··· Provided entries

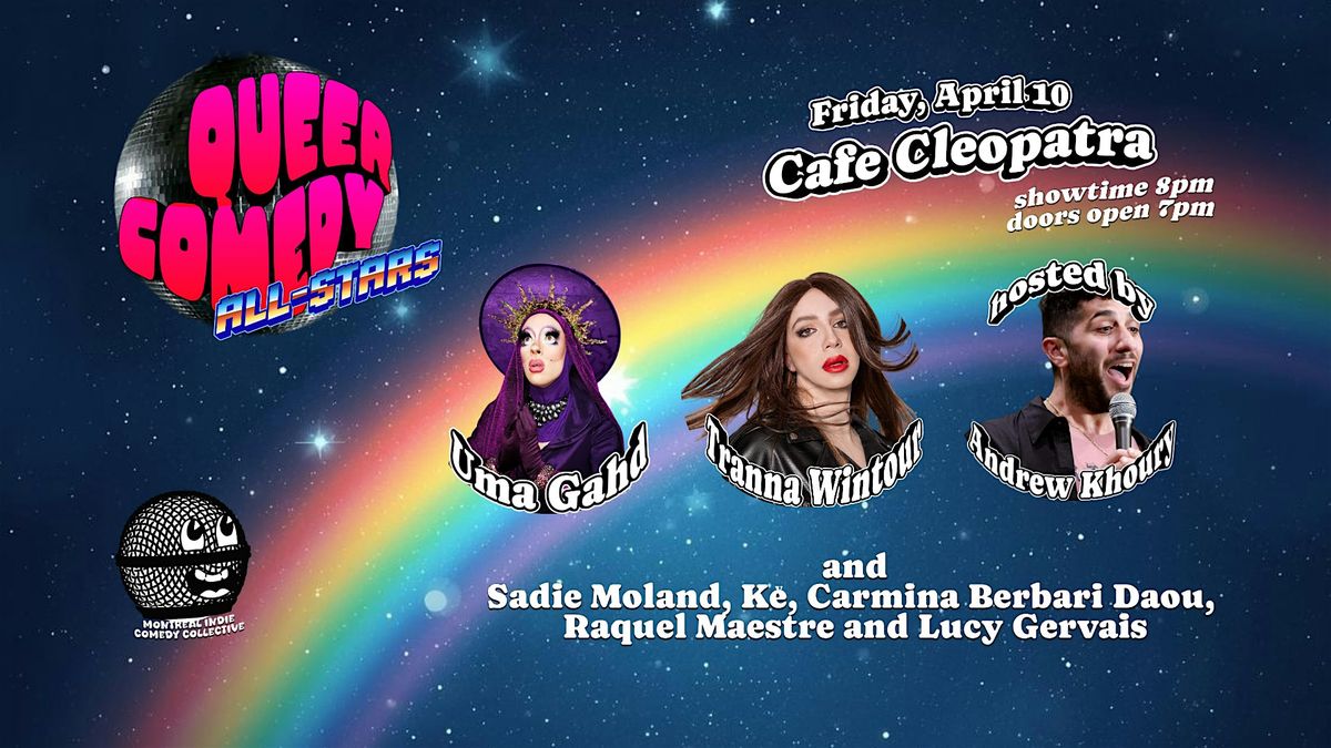 Hosted by Andrew Khoury (Just For Laughs) and featuring Uma Gahd (Canada's Drag Race, Edinburgh Fringe) and Tranna Wintour (The Traitors, Just For Laughs) with a stellar list of openers: Just For Laughs recording artists Kě and Lucy Gervais, as well as OFFJFL featured performers Carmina Berbari Daou, Sadie Moland and Raquel Maestre.
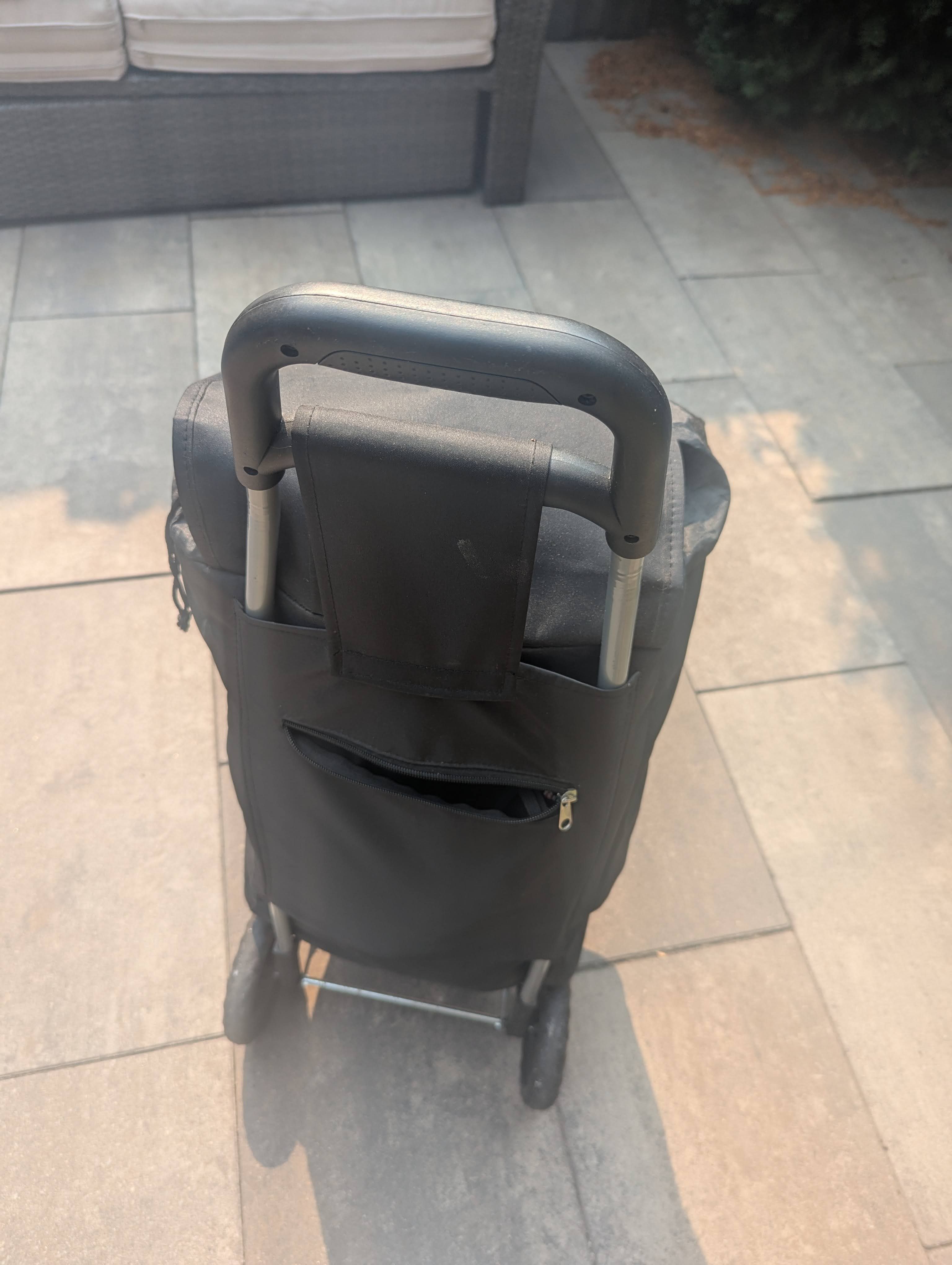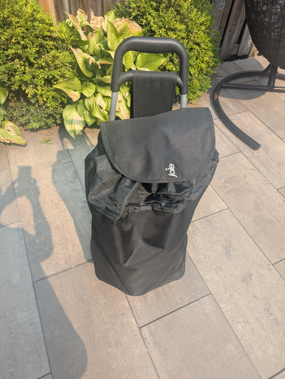 Selling a versatile black rolling shopping cart with a telescoping handle and two wheels. The bag has a unique insulated interior, making it perfect for keeping groceries or drinks cold on your way home. It's a lifesaver for grocery trips, picnics, or laundry. It's in great, clean condition.
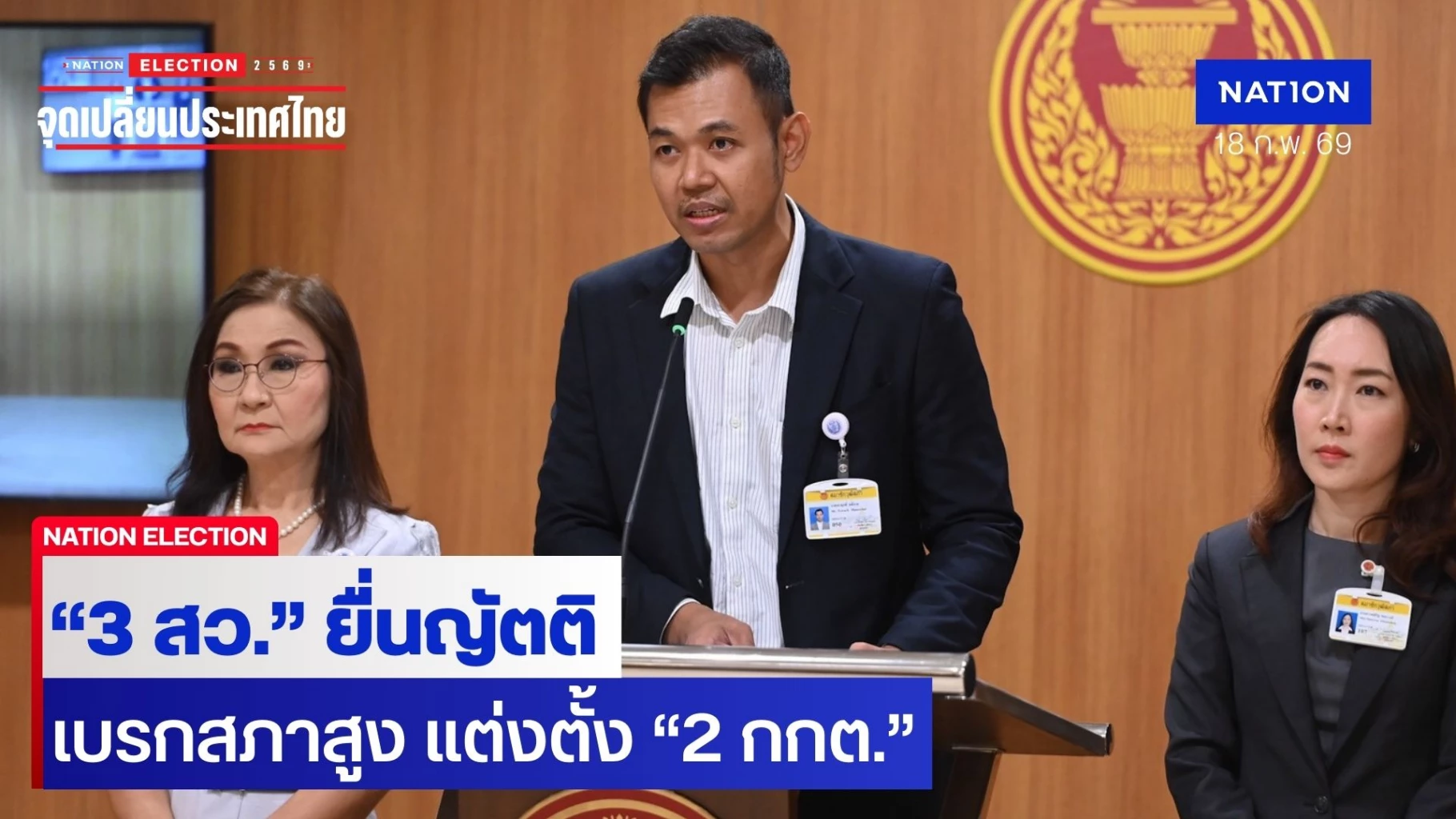 18 กุมภาพันธ์ 2569 ที่รัฐสภา นายเทวฤทธิ์ มณีฉาย น.ส.นันทนา นันทวโรภาส และ น.ส.มณีรัตน์ เขมะวงศ์ 3 สมาชิกวุฒิสภา (สว.) ร่วมแถลงข่าวปมดังกล่าวว่า
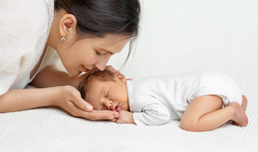 Майка се радва на бебе, което спи. Снимка: Shutterstock
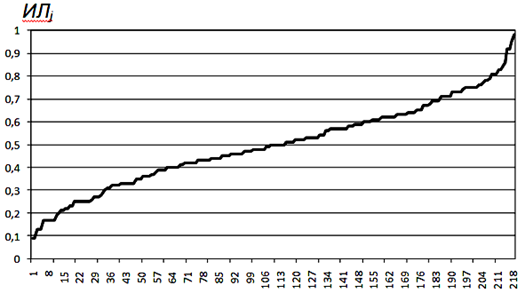 Рис. 3. Значения индекса легкости заданий для тестируемой группы Представленные данные свидетельствуют о том, что используемая в примере база тестовых заданий достаточно равномерно представляет вопросы различного уровня сложности, при этом очень легких – «очевидных для всех» и очень сложных – «никем не решаемых» (то есть нетестовых заданий) практически нет, что говорит о соответствии комплекса заданий этого теста среднему уровню подготовки испытуемой группы. Другой
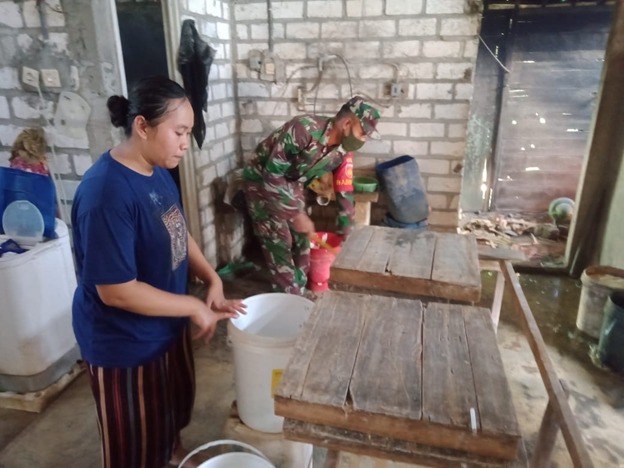 Serka Jam’ani Anggota Satgas TMMD menyambangi tempat ibu Karsini, untuk mengetahui bagaimana cara membuat tahu secara manual. Hal ini di lakukannya untuk memastikan kebersihan dalam pembuatan tahu
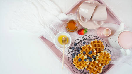 Modern blush pink breakfast tray with waffles, honey and fruit with copy space.
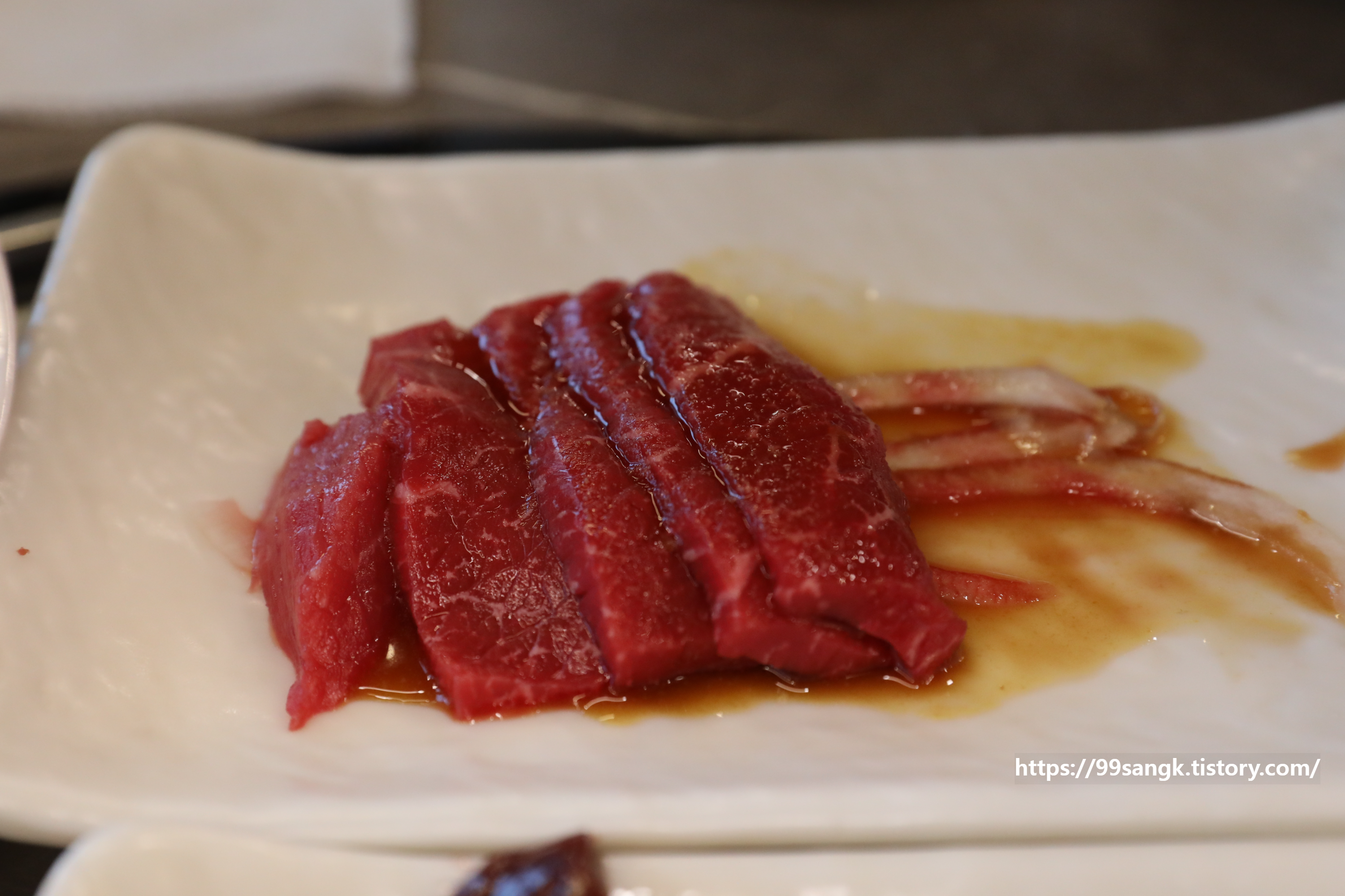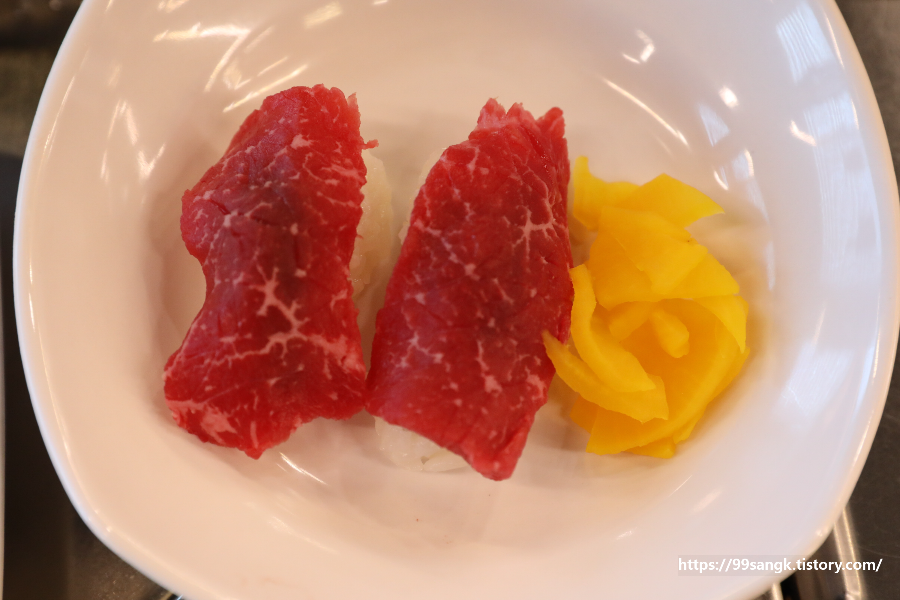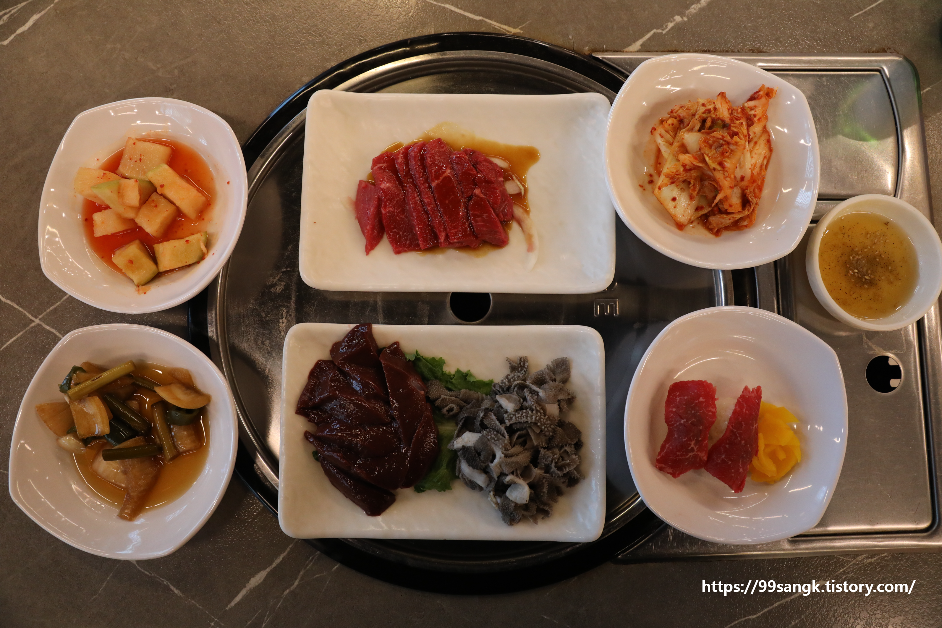 반찬에는 김치, 깍두기, 양파장아찌, 육회, 한우 초밥, 간 · 천엽이 나왔습니다,
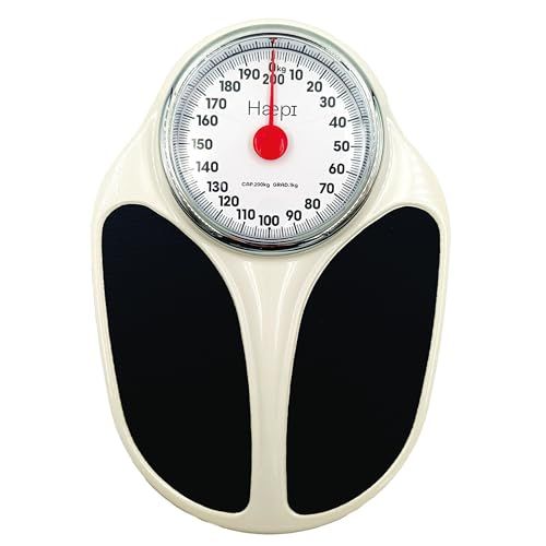 Mechanische personenweegschaal met groot blad, groot display, grote cijfers en zeer groot display: deze mechanische weegschaal van Haepi heeft een groot dienblad en biedt een ruim oppervlak om comfortabel te wegen. Hij is ook uitgerust met een groot display met grote cijfers en een zeer groot display, dat een eenvoudig en nauwkeurig aflezen van de metingen mogelijk maakt Antislip oppervlak: deze mechanische weegschaal van Haepi beschikt over een antislip oppervlak op het blad. Deze eigenschap zorgt voor verhoogde stabiliteit en veiligheid bij het wegen, waardoor het risico op uitglijden of vallen wordt verminderd Zichtbare rode wijzer: deze mechanische weegschaal van Haepi is uitgerust met een goed zichtbare rode naald. Deze functie maakt een eenvoudige en snelle aflezing van de gewichtsmeting mogelijk, biedt onmiddellijke nauwkeurigheid zonder te wachten op digitaal lezen Retro design: Haepi biedt een retro design voor deze mechanische weegschaal. Het klassieke en tijdloze uiterlijk geeft je badkamer een vintage touch Maximale capaciteit van 200 kg: deze mechanische weegschaal van Haepi heeft een maximaal weegvermogen van 200 kg. Daardoor is hij geschikt voor een groot aantal gebruikers en biedt een nauwkeurige meting van hun dagelijkse of incidentele gewicht

······

◆ **Work request**: Nothing but the lines from the one with "Serka Jam’ani Anggota" to the one with "반찬에는 김치, 깍두기, 양파장아찌, 육회, 한우" above, both included, should be transcribed, exactly and without pictures.

◆ **Answer**:
 Serka Jam’ani Anggota Satgas TMMD menyambangi tempat ibu Karsini, untuk mengetahui bagaimana cara membuat tahu secara manual. Hal ini di lakukannya untuk memastikan kebersihan dalam pembuatan tahu
 Modern blush pink breakfast tray with waffles, honey and fruit with copy space.
 반찬에는 김치, 깍두기, 양파장아찌, 육회, 한우 초밥, 간 · 천엽이 나왔습니다,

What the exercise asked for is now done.